Most rest advice that we do get, is aspirational. To paraphrase a recent magazine that I very much enjoyed reading but have no intention of imitating: you should be wearing a $1000 pair of white trousers while sipping negronis at an Italian-style hotel with an optional butler. But I’m actually interested in how to take a couple of days off (maybe or maybe not a Saturday-Sunday) as part of my regular life.
This blog post then is less about being inspiring or aspirational, and more about how I negotiate the need to take regular breaks as a regular person. Because my partner works 6 days, he needs to spread his chores and joys more evenly through the week. You might have preferences, or caring responsibilities, or other things that impact what works for you.
After years of experimenting and getting it right and getting it wrong, I have developed a pretty clear sense of what a restorative, balanced weekend looks like for me.
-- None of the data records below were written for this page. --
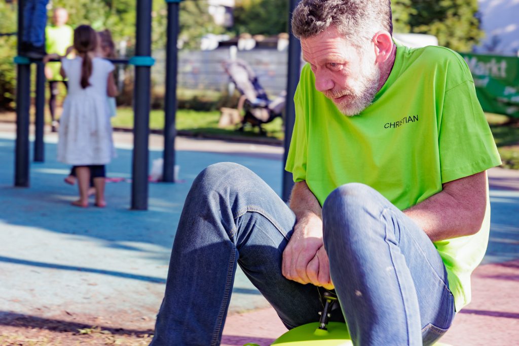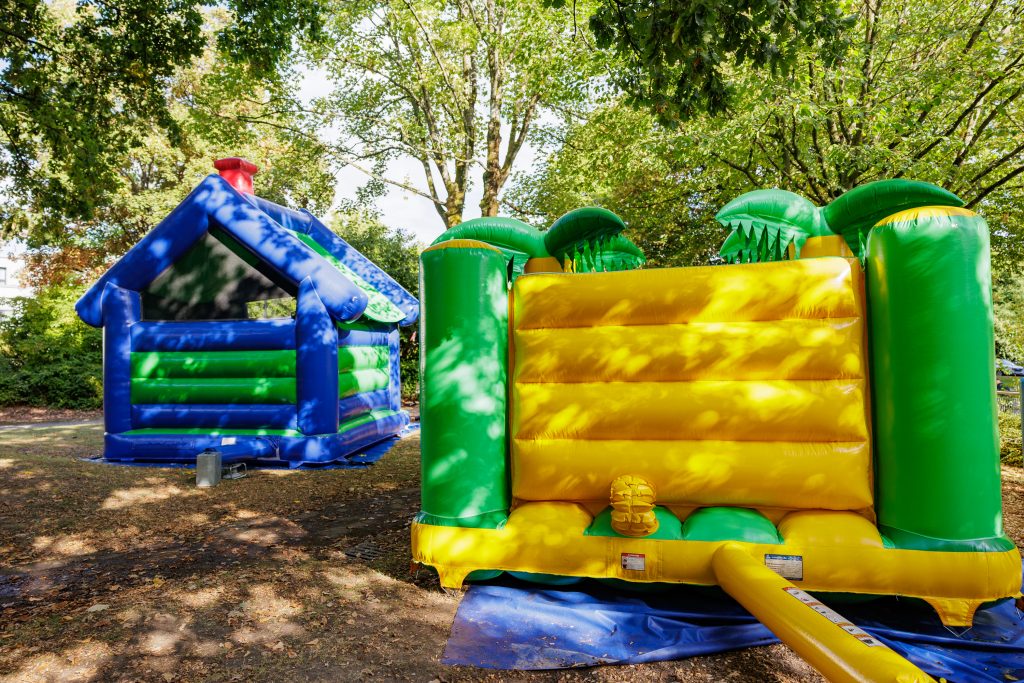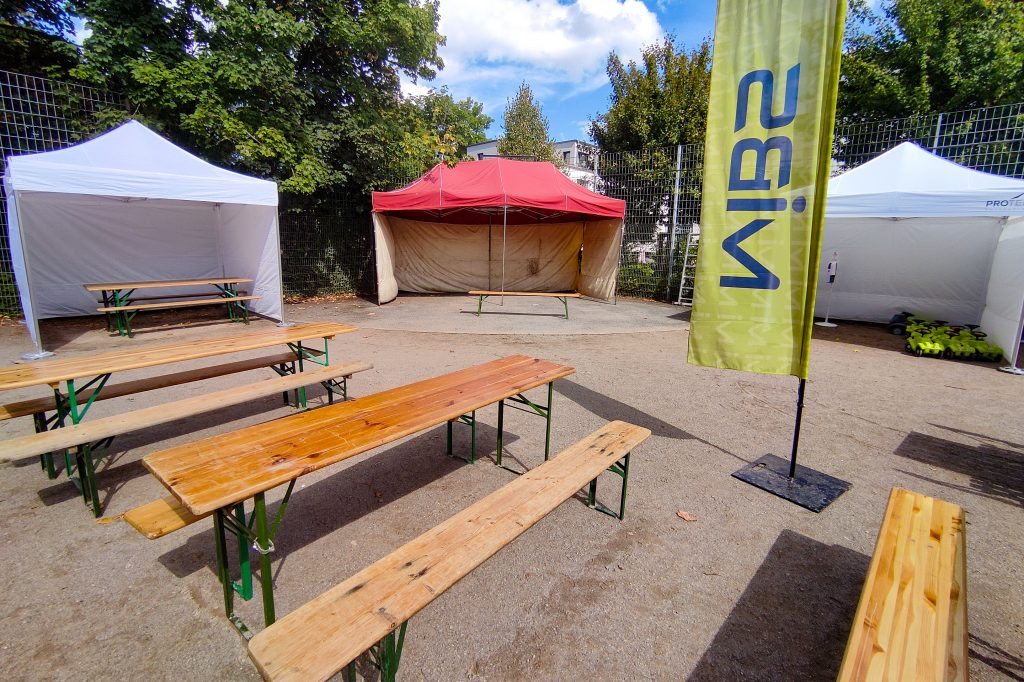 Alles aufgebaut. Um 10 Uhr ging es pünktlich los, Organisator und Spielplatzpate Christian Westerhoff und sein Team eröffneten das Fest nach einer Langen Nacht des Aufbauens und Werkeln.
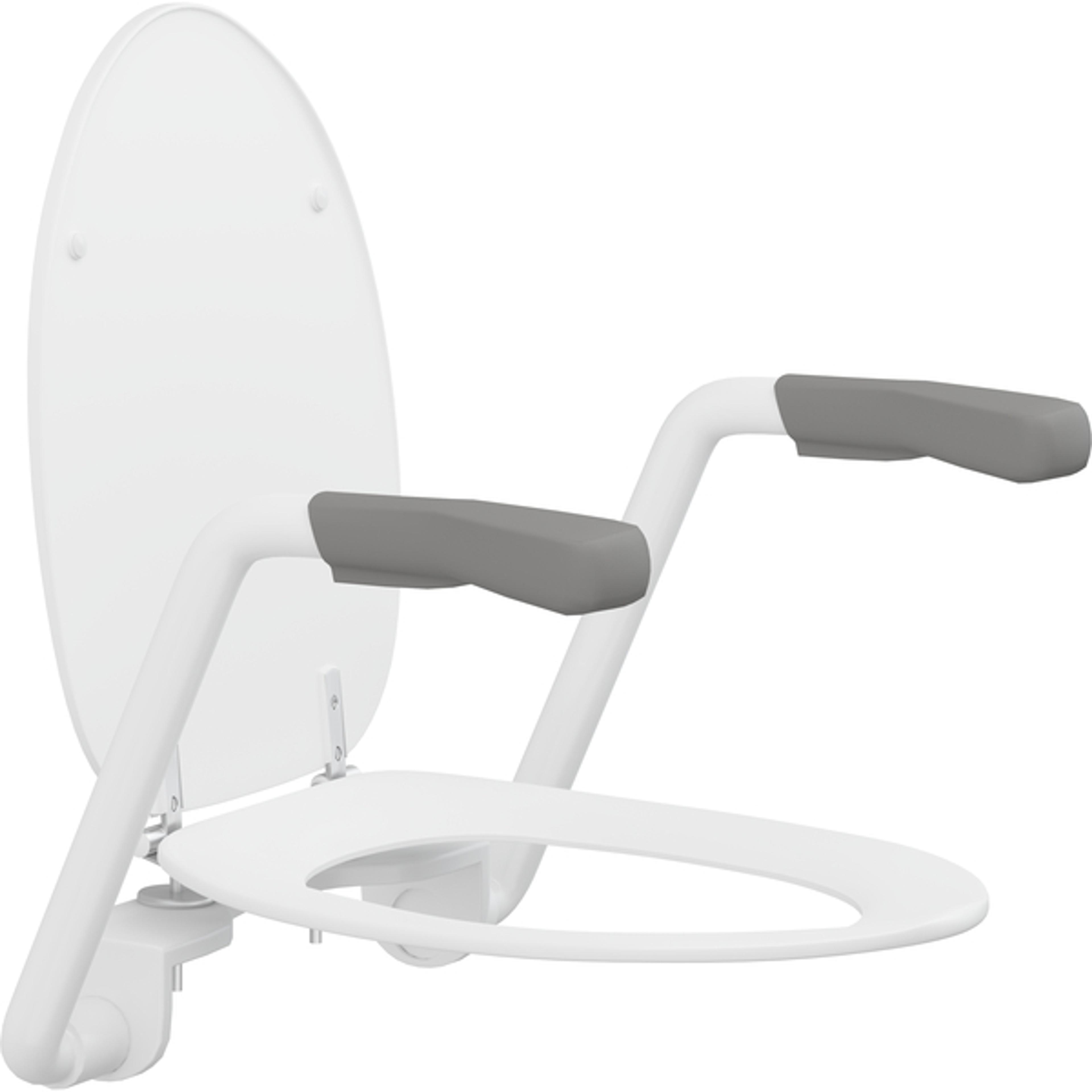 Stabil armstøtte med ergonomisk designede grep, armstøttene kan klappes opp uavhengig av hverandre Denne typen armstøtte er ideel for brukere som har behov for en midlertidig løsning. Leveres med Dania toalettsete.
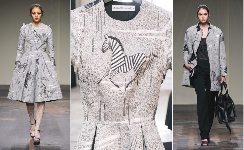 A portarne la fiaccola: Elliot e Jeanie, eroine per lo stilista campano. Due domatrici circensi di metà Ottocento realmente esistite. Precorritrici del movimento femminista, ispirano la collezione imprimendo fierezza, la stessa che Marseglia in un’elaborazione retorica e infantile ruba alle bestie; in un campo semantico, dove aldilà del circo e dei safari, il richiamo alle fiere serve unicamente a dare mens et corpus all’idea di femminismo estremo.
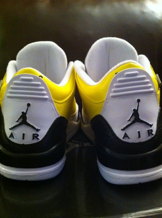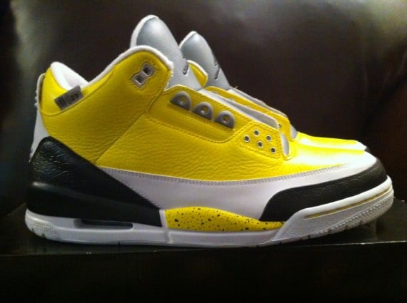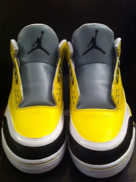 We viewed his work with the Air Jordan VI “Tokyo 23” Custom that he did a couple months ago. And the pack is finally complete with his Air Jordan III. This III Retro features cues that make this pack unique, like the yellow upper, black elephant print on the heel and toe box, and a black and yellow speckled midsole. His work with the customs are factory grade, as he tops it off with a gray tongue. To check out more of his work, visit his blog.
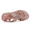 Women's Flat Rhinestone Sandals Bohemian Sandals Summer Non Slip Beach Elastic Low Heels Roman Sandals Sandalias
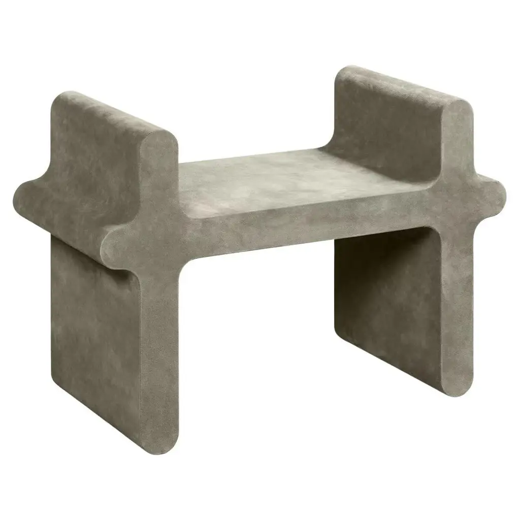 Contemporary suede leather stool - Ossicle N.2 by Francesco Balzano for Giobagnara.The object presented in the image has following finish: A06 ivory suede leather.Defined by soft and delicate lines, this chair is superbly upholstered in beige leather adding a charming accent to this clean and essential design. Part of a series that interprets in a modern way the tiles used in the Ancient Greek and Roman "Jeu des Osselets" game, it embodies the perfect balance between raw material and pure geometry.Design: Francesco BalzanoMaterial: Suede Leather, fully leather covered.Dimensions (in): W 35.43 x D 15.75 x H 25.00Dimensions (cm): W 90 x D 40 x H 63.5Made by hand, in Italy.This item is made to order. Please choose the finish that you want for your piece.
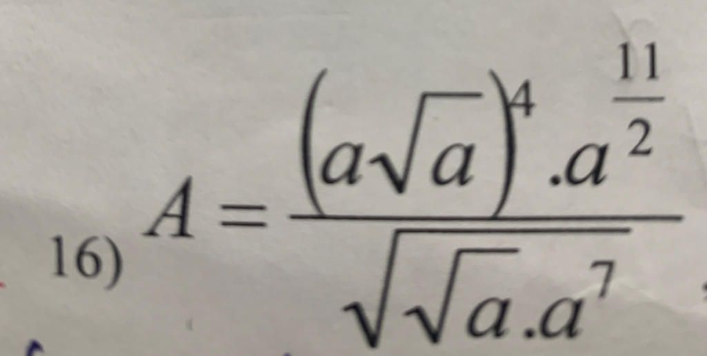 `A=((a*a^(1/2))^4 *a^(11/2))/(sqrt(a^(1/2) *a^7))`
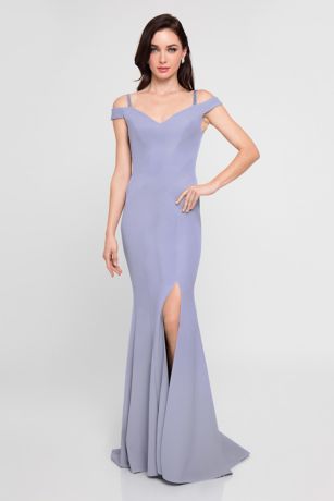 Simple and sophisticated, this cold-shoulder gown is crafted of sleek stretch crepe for a modern look.

So a weekend, for me, starts on Friday evening, and needs to be wrapped up before I go to bed on Sunday. This gives me effectively two evenings and two days.
- Friday night, be social. Go out for dinner or to some live music or grab a drink. I’m still in public-facing, interacting mode, and it’s motivating to end the work week with something fun to look forward to.
- Saturday morning, look after the body. Usually this means a yoga class and then pastries and coffee.
My partner likes to sleep while I’m at yoga, and then go for a cycle ride later. Either way, we both do some exercise.
- The rest of Saturday is for reading, resting, etc. I might do something fun out with just my partner.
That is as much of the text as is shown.